*Exercise brief*. For this exercise, write out the whole listing below exactly, omitting its images.

*Data provided*.
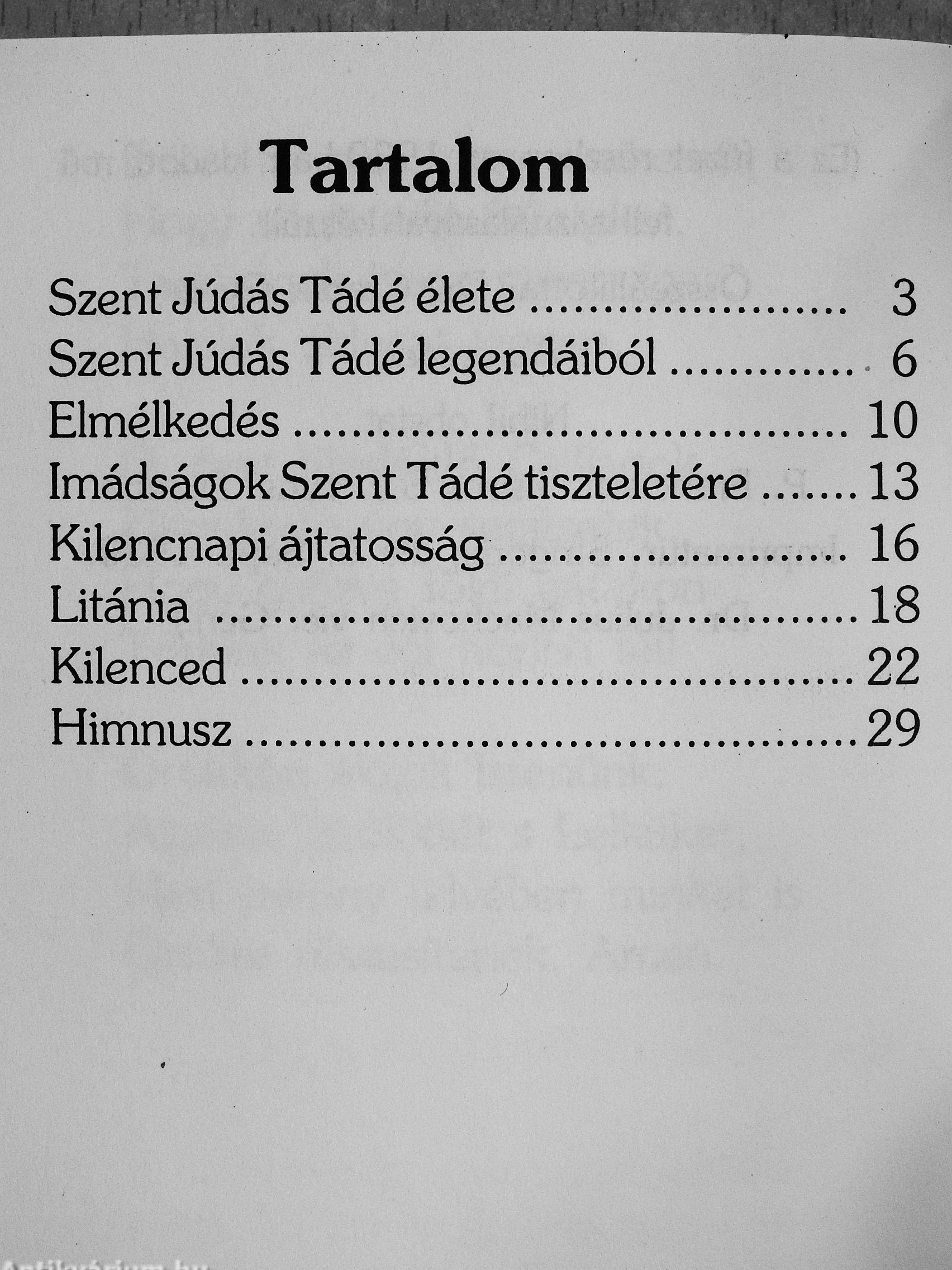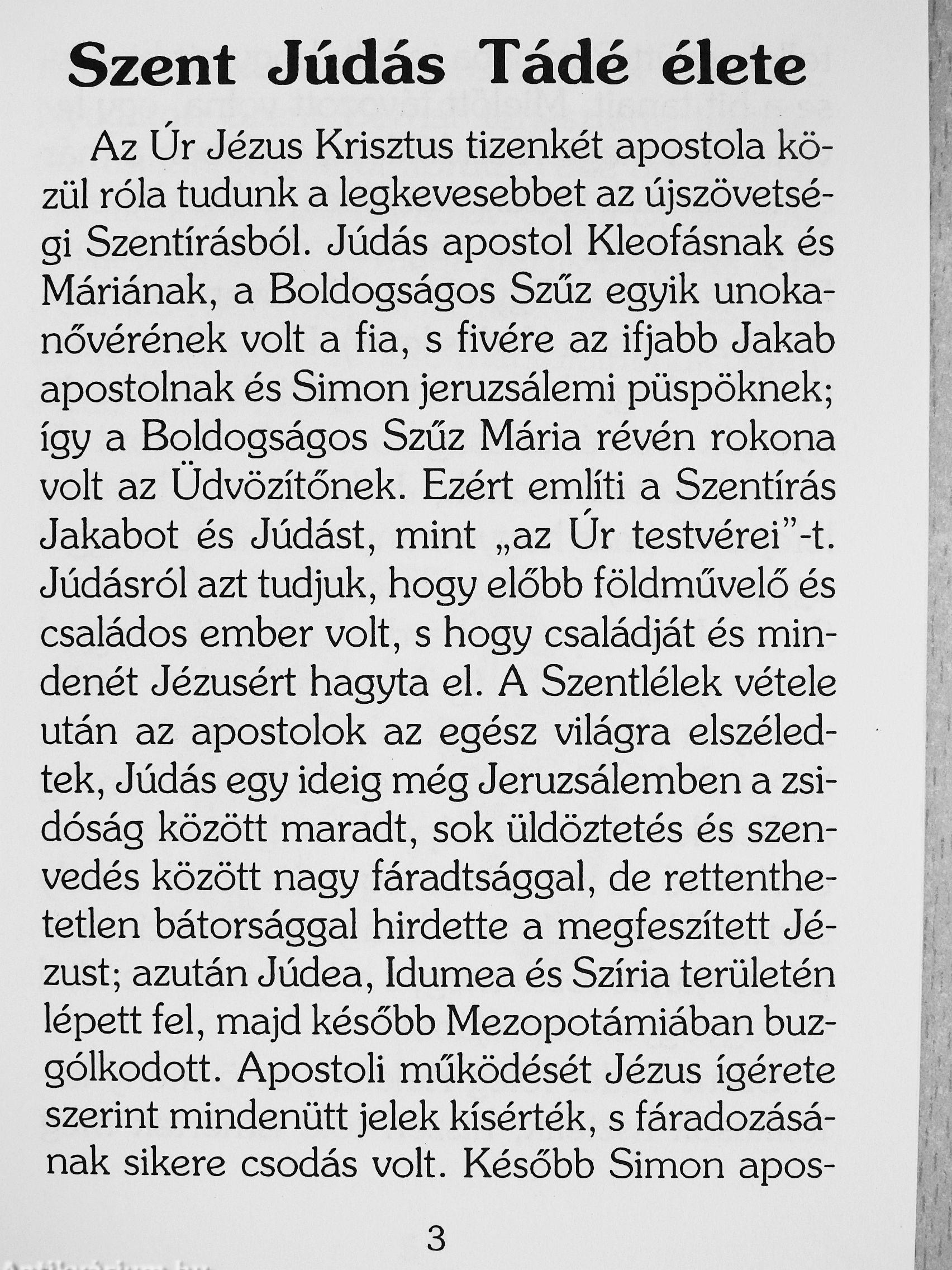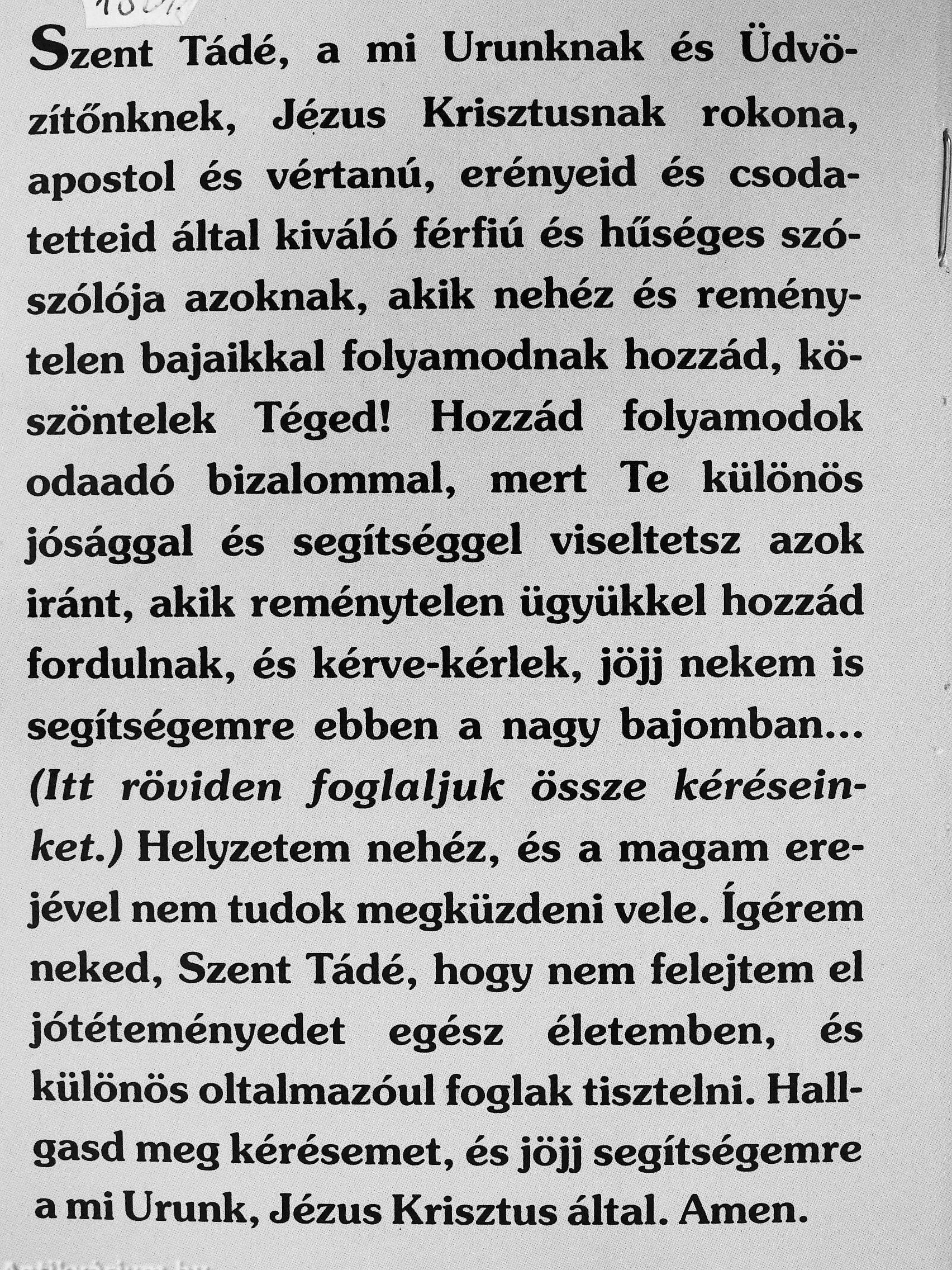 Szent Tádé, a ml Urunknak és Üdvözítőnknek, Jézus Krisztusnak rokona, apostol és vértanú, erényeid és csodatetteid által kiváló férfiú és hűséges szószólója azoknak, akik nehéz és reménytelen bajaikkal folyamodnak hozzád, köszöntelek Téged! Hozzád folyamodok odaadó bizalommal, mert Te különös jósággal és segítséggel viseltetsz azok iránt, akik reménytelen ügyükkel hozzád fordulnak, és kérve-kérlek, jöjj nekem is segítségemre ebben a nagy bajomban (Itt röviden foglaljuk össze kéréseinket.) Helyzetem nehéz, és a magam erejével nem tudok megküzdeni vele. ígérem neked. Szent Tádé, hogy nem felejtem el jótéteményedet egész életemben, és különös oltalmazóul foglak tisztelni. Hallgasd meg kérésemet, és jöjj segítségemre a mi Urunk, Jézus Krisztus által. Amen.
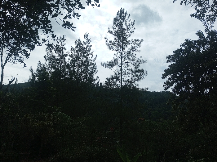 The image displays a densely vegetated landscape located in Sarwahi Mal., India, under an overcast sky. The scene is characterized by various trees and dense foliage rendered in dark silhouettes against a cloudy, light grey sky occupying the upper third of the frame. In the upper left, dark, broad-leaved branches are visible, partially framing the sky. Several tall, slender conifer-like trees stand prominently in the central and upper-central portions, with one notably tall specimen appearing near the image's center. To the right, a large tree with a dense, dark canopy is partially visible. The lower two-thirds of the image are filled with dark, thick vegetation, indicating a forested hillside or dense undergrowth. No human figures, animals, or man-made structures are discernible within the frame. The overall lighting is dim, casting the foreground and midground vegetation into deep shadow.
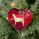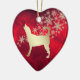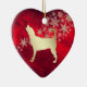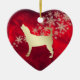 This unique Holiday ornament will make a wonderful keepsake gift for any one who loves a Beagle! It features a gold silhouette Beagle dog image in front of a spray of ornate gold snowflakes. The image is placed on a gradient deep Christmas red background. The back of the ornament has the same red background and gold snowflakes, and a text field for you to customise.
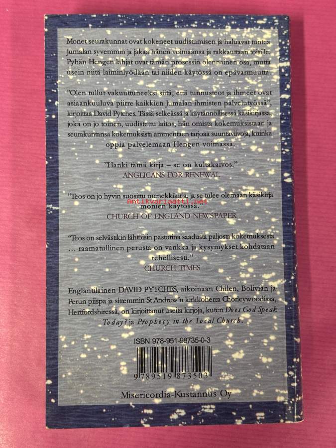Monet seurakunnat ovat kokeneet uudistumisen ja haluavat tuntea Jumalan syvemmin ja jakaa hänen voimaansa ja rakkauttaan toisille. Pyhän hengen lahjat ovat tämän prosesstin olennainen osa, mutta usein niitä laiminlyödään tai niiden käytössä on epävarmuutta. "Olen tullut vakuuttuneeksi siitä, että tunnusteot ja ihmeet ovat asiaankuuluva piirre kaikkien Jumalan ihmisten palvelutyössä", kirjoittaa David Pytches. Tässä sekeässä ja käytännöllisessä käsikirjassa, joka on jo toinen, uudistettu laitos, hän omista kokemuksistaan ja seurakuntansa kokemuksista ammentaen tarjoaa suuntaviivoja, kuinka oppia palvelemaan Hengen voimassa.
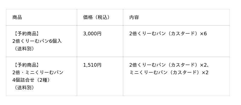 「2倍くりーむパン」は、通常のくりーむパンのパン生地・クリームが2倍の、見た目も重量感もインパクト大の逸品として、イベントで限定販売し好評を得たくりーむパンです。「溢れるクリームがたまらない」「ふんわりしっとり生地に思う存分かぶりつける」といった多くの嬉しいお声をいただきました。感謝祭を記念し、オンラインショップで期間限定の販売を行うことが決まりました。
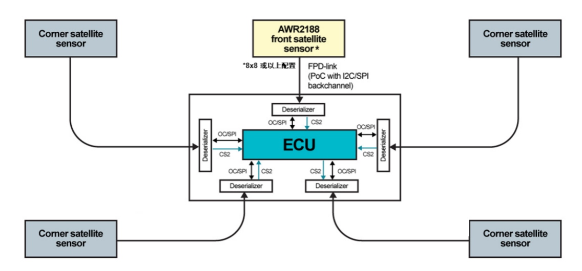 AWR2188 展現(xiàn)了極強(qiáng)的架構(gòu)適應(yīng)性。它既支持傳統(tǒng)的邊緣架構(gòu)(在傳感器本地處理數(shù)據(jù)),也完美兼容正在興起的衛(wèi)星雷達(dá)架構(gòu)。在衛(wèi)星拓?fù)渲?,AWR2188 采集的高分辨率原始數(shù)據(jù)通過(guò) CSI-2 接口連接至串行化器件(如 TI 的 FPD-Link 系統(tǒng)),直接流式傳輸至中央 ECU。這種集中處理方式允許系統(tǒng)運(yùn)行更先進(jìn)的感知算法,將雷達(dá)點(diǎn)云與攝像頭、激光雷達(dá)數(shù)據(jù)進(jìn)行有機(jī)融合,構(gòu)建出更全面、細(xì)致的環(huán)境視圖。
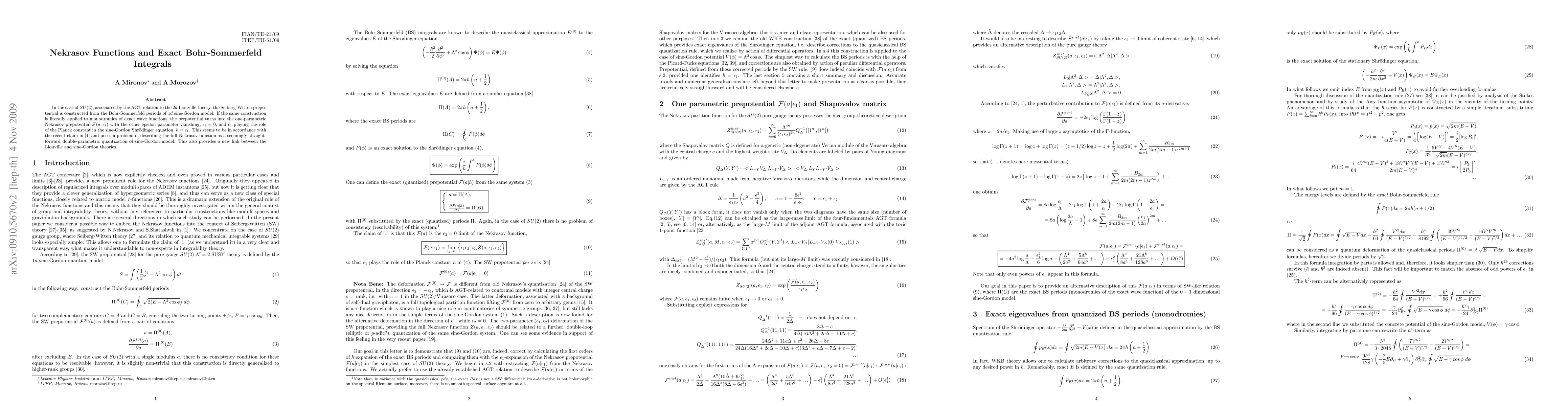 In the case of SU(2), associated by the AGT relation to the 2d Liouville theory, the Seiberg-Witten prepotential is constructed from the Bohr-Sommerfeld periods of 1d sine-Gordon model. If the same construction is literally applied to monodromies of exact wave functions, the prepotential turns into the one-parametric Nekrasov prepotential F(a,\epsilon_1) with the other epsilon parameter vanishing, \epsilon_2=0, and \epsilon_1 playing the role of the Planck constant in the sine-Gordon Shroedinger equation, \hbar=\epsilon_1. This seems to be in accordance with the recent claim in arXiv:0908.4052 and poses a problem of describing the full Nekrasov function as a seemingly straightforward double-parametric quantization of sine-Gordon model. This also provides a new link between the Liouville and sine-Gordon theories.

*Worked solution*.
 Szent Tádé, a ml Urunknak és Üdvözítőnknek, Jézus Krisztusnak rokona, apostol és vértanú, erényeid és csodatetteid által kiváló férfiú és hűséges szószólója azoknak, akik nehéz és reménytelen bajaikkal folyamodnak hozzád, köszöntelek Téged! Hozzád folyamodok odaadó bizalommal, mert Te különös jósággal és segítséggel viseltetsz azok iránt, akik reménytelen ügyükkel hozzád fordulnak, és kérve-kérlek, jöjj nekem is segítségemre ebben a nagy bajomban (Itt röviden foglaljuk össze kéréseinket.) Helyzetem nehéz, és a magam erejével nem tudok megküzdeni vele. ígérem neked. Szent Tádé, hogy nem felejtem el jótéteményedet egész életemben, és különös oltalmazóul foglak tisztelni. Hallgasd meg kérésemet, és jöjj segítségemre a mi Urunk, Jézus Krisztus által. Amen.
 The image displays a densely vegetated landscape located in Sarwahi Mal., India, under an overcast sky. The scene is characterized by various trees and dense foliage rendered in dark silhouettes against a cloudy, light grey sky occupying the upper third of the frame. In the upper left, dark, broad-leaved branches are visible, partially framing the sky. Several tall, slender conifer-like trees stand prominently in the central and upper-central portions, with one notably tall specimen appearing near the image's center. To the right, a large tree with a dense, dark canopy is partially visible. The lower two-thirds of the image are filled with dark, thick vegetation, indicating a forested hillside or dense undergrowth. No human figures, animals, or man-made structures are discernible within the frame. The overall lighting is dim, casting the foreground and midground vegetation into deep shadow.
 This unique Holiday ornament will make a wonderful keepsake gift for any one who loves a Beagle! It features a gold silhouette Beagle dog image in front of a spray of ornate gold snowflakes. The image is placed on a gradient deep Christmas red background. The back of the ornament has the same red background and gold snowflakes, and a text field for you to customise.
Monet seurakunnat ovat kokeneet uudistumisen ja haluavat tuntea Jumalan syvemmin ja jakaa hänen voimaansa ja rakkauttaan toisille. Pyhän hengen lahjat ovat tämän prosesstin olennainen osa, mutta usein niitä laiminlyödään tai niiden käytössä on epävarmuutta. "Olen tullut vakuuttuneeksi siitä, että tunnusteot ja ihmeet ovat asiaankuuluva piirre kaikkien Jumalan ihmisten palvelutyössä", kirjoittaa David Pytches. Tässä sekeässä ja käytännöllisessä käsikirjassa, joka on jo toinen, uudistettu laitos, hän omista kokemuksistaan ja seurakuntansa kokemuksista ammentaen tarjoaa suuntaviivoja, kuinka oppia palvelemaan Hengen voimassa.
 「2倍くりーむパン」は、通常のくりーむパンのパン生地・クリームが2倍の、見た目も重量感もインパクト大の逸品として、イベントで限定販売し好評を得たくりーむパンです。「溢れるクリームがたまらない」「ふんわりしっとり生地に思う存分かぶりつける」といった多くの嬉しいお声をいただきました。感謝祭を記念し、オンラインショップで期間限定の販売を行うことが決まりました。
 AWR2188 展現(xiàn)了極強(qiáng)的架構(gòu)適應(yīng)性。它既支持傳統(tǒng)的邊緣架構(gòu)(在傳感器本地處理數(shù)據(jù)),也完美兼容正在興起的衛(wèi)星雷達(dá)架構(gòu)。在衛(wèi)星拓?fù)渲?,AWR2188 采集的高分辨率原始數(shù)據(jù)通過(guò) CSI-2 接口連接至串行化器件(如 TI 的 FPD-Link 系統(tǒng)),直接流式傳輸至中央 ECU。這種集中處理方式允許系統(tǒng)運(yùn)行更先進(jìn)的感知算法,將雷達(dá)點(diǎn)云與攝像頭、激光雷達(dá)數(shù)據(jù)進(jìn)行有機(jī)融合,構(gòu)建出更全面、細(xì)致的環(huán)境視圖。
 In the case of SU(2), associated by the AGT relation to the 2d Liouville theory, the Seiberg-Witten prepotential is constructed from the Bohr-Sommerfeld periods of 1d sine-Gordon model. If the same construction is literally applied to monodromies of exact wave functions, the prepotential turns into the one-parametric Nekrasov prepotential F(a,\epsilon_1) with the other epsilon parameter vanishing, \epsilon_2=0, and \epsilon_1 playing the role of the Planck constant in the sine-Gordon Shroedinger equation, \hbar=\epsilon_1. This seems to be in accordance with the recent claim in arXiv:0908.4052 and poses a problem of describing the full Nekrasov function as a seemingly straightforward double-parametric quantization of sine-Gordon model. This also provides a new link between the Liouville and sine-Gordon theories.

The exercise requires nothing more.